The area was once an industrial area and busy commercial dockside serving the area, while the Newcastle side also hosted a regular street market. Trade and passenger shipping was extensive in the 19th and early 20th centuries with companies such as the Tyne Tees Steam Shipping Company and Nielsen, Andersen & Company operating services both nationally and to European countries including Belgium, Denmark and the Netherlands. The Quays were served by a railway branch line until 1969.

Following the Second World War, the docks became run-down, and, in the late 1980s, Tyne and Wear Development Corporation redeveloped the East Quayside area to a design by Terry Farrell & Partners. This provided a modern environment for the modern arts, music and culture, as well as new housing developments (e.g. at St Peter's Marina).

Along the Newcastle side is an area that houses restaurants, bars and night clubs as well as housing and the Newcastle Law Courts.
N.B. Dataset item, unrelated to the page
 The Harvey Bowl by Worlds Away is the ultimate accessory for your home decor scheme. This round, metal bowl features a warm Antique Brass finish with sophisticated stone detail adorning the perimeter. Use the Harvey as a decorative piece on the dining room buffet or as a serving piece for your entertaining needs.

The NewcastleGateshead initiative now lists the Quayside as a top ten attraction. The Gateshead side of the river is designated and signposted as Gateshead Quays. It is the site of the BALTIC Centre for Contemporary Art and The Glasshouse International Centre for Music. Also moored on the Gateshead side from 1984 until 2008 was the Tuxedo Princess (replaced for a time by sister ship Tuxedo Royale), a floating nightclub, beneath the Tyne Bridge near the Sage.
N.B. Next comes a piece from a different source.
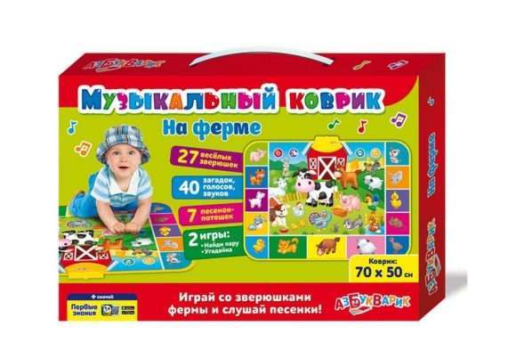 Новый музыкальный коврик разработан специально для малышей. Он большой, яркий, обучающий и интерактивный! 27 весёлых зверюшек, 40 загадок и звуков, 7 потешек ("Петушок", "Идёт коза рогатая", "Калинка", "Пошёл котик на торжок", "Топ-топ, топотушки", "Два весёлых гуся" и "Антошка"), 2 увлекательные игры ("Найди пару" и "Угадайка") – всё это не оставит детей равнодушными! Нажимай на картинки – играй со зверюшками фермы и узнавай о них много интересного!

The Sage, an arena and conference centre, is under construction between the Sage Gateshead and the Baltic.

One of the Quayside's main features is the pedestrian Gateshead Millennium Bridge, opened in 2001, which spans the river between the BALTIC Centre for Contemporary Art and the Newcastle Law Courts. The other bridge which allows direct road and pedestrian links between the two banks is the low level Swing Bridge, built in 1876, and located nearer the two respective city centres. Using the two bridges, the Quayside is the venue for the junior course of the annual Great North Run.

===Whey Aye===

In July 2019, Newcastle City Council passed plans to erect a giant observation wheel on the quayside at Spiller's Wharf as part of a wider 'Giants on the Quayside' development. Dubbed the "Whey Aye" wheel, at 460 ft tall it would be the tallest such structure in Europe upon completion, which was anticipated to take two years.

==Buildings==
Notable buildings include:
- The Customs House, a Grade II listed building built in 1766, altered and refronted in 1833 by Sydney Smirke.
- The Malmaison Hotel, a Grade II listed building built in 1900 as a warehouse for the Cooperative Society.
- The Newcastle Law Courts, built between 1984 and 1990, designed by Napper Collerton, architects.